3. Methodological Commitments
Non-ontological rules that govern the derivation and validation process.
- Parsimony as Heuristic Prior: Simpler models (lower Kolmogorov complexity) are preferred over complex ones, but parsimony is a heuristic for discovery, not a replacement for proof.
- Tier System Rule: All claims must be classified by the Epistemic Tier System (Tier 1: Structural Axiom / Logical Necessity; Tier 1/2: Uniqueness-Justified Structural Postulate; Tier 2: Geometric / Derived from the icosahedral ansatz; Tier 3: Phenomenological / Calibrated; Tier 4: Speculative / Order-of-Magnitude, with explicit OOM bounds).
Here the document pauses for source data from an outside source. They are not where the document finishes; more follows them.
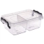 • WYTRZYMAŁY - Wykonany z wysokiej jakości tworzywa w przezroczystym kolorze. Klipsy do zamykania w kolorze fioletowym.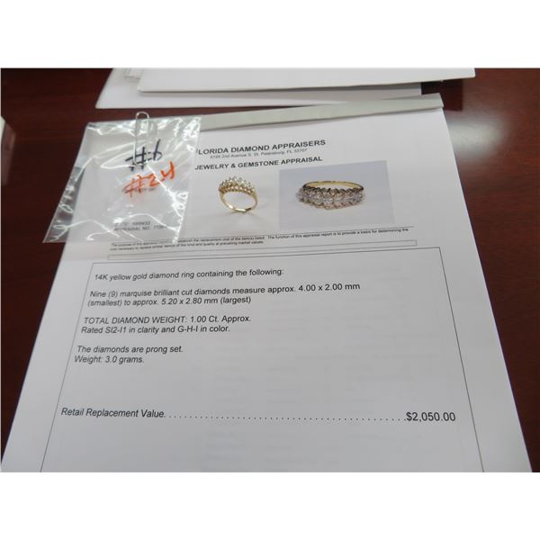 14K YG Gold Diamond Ring w/9 Marquise Diamonds 3.0g - Replacement35 - 14K YG Gold Diamond Ring w/9 Marquise Diamonds 3.0g - Replacement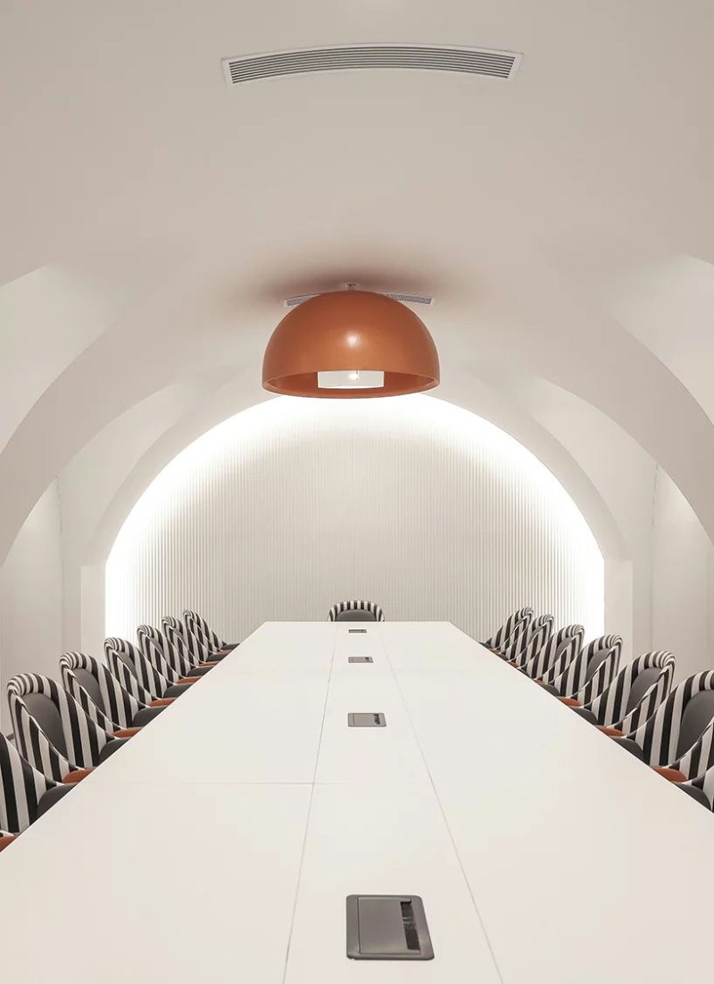 四层空间的办公室,每一层都注入了不同的色彩。入口通往餐厅空间,以一个形状像热气球的大型艺术装置为特色。电梯附近的空间也是一个公共接待区,周围有大面积的办公区域,让每个公司的员工都可以非常方便的到达自己的工作区域。通过大面积的木皮贴面和灰褐色的混凝土涂层,赋予这一楼层整体空间稳重成熟的氛围。运动空间的展示,让员工可以锻炼身体,为办公空间增添了一份活力。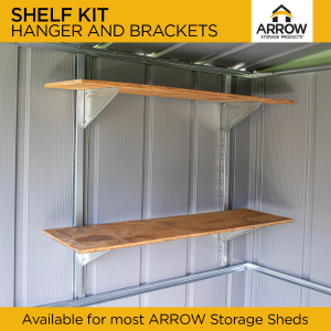 Add extra storage space with the Arrow Shelf Kit. This allows you to make shelves in your Arrow Shed. Hanger and Bracket Only, (Wood not Included) Item #SS404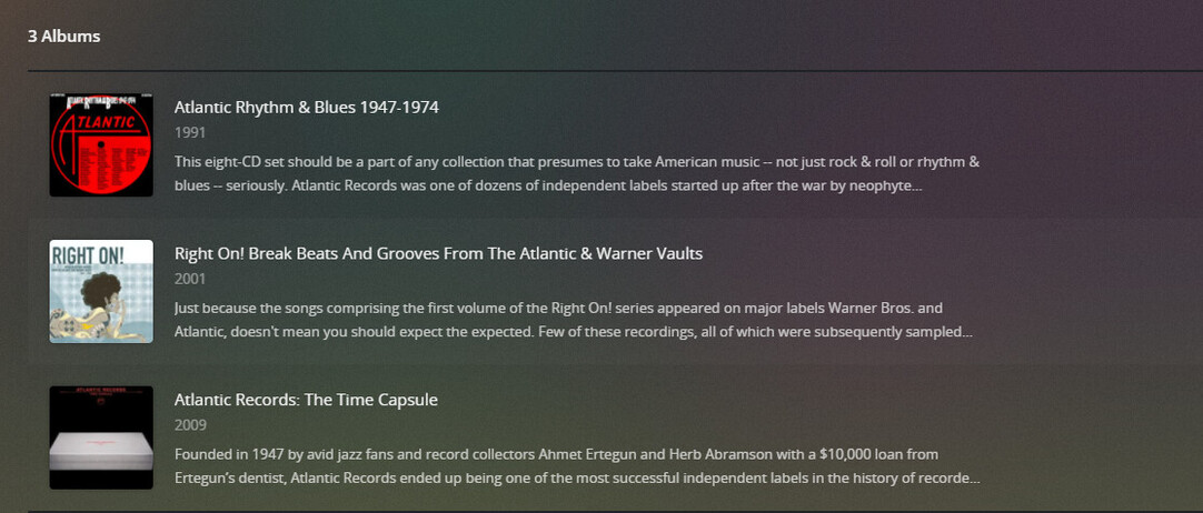 I’ve manually added album artists for a large number of albums in order to have them appear in certain “artists” when browsing by artist. Examples being Soundtracks, Video Games, Kids Music, Broadway, Disney, etc, etc. I know it’s an odd way to organize, but the family enjoys being able to go to a particular artist to hit all soundtracks for example.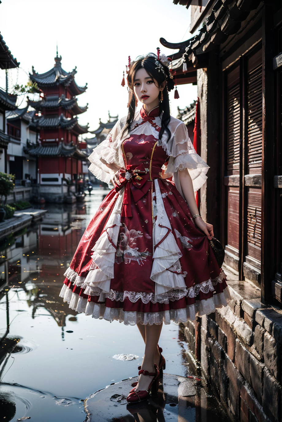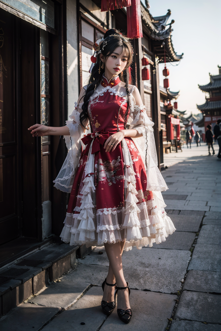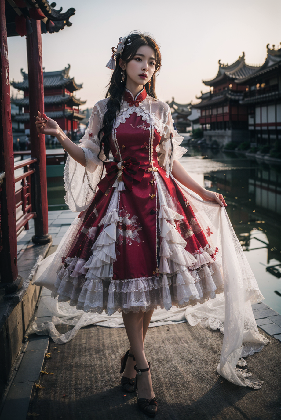 Some modern clothing with traditional Chinese elements. Such as Lolita dress with chinses traditional element.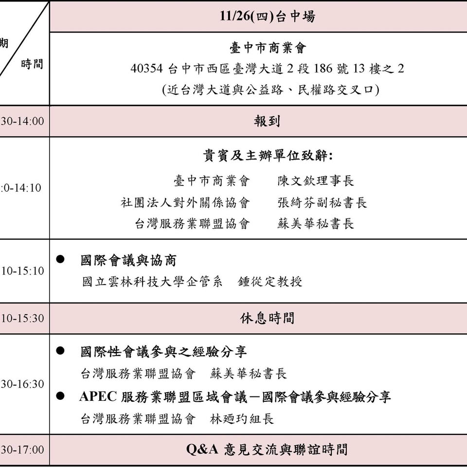 On November 26, from 2pm to 5pm, the Taichung City Business Association will be held at the Taichung City Chamber of Commerce ( 13th floor, No. 186, Sec. 2, Taiwan Avenue, West District, Taichung City). It will be co-organized by this Association, Taiwan Service Union and Taichung City Business Association. Prof. Yao Congding, Department of Business Management, National Yunlin University of Science and Technology, is invited to share his experience with the audience on "international conference and consultation". The Secretary General of Taiwan Union Sumihua and Team Leader Lin Bin presented their personal experiences with the topics of "Experience Sharing of International Conference Participation" and "APEC

See the Global Front Matter Epistemic Tier System for complete definitions.
- Calibration Rule: All fundamental constants must be derived from dimensionless geometric ratios. SI units are only used via a declared experimental anchor (e.g., the electron mass).
4. Physical Modeling Postulates (EFT-Level)
Specific assumptions used for mapping geometric structures to Standard Model entities.
- Defect/Soliton Matter Model: Particles are modeled as topological defects or solitons within the lattice strain field.
- Phonon/Phason Split: The separation of degrees of freedom into "Standard Physics" (Phonons) and "Dark/Information Physics" (Phasons).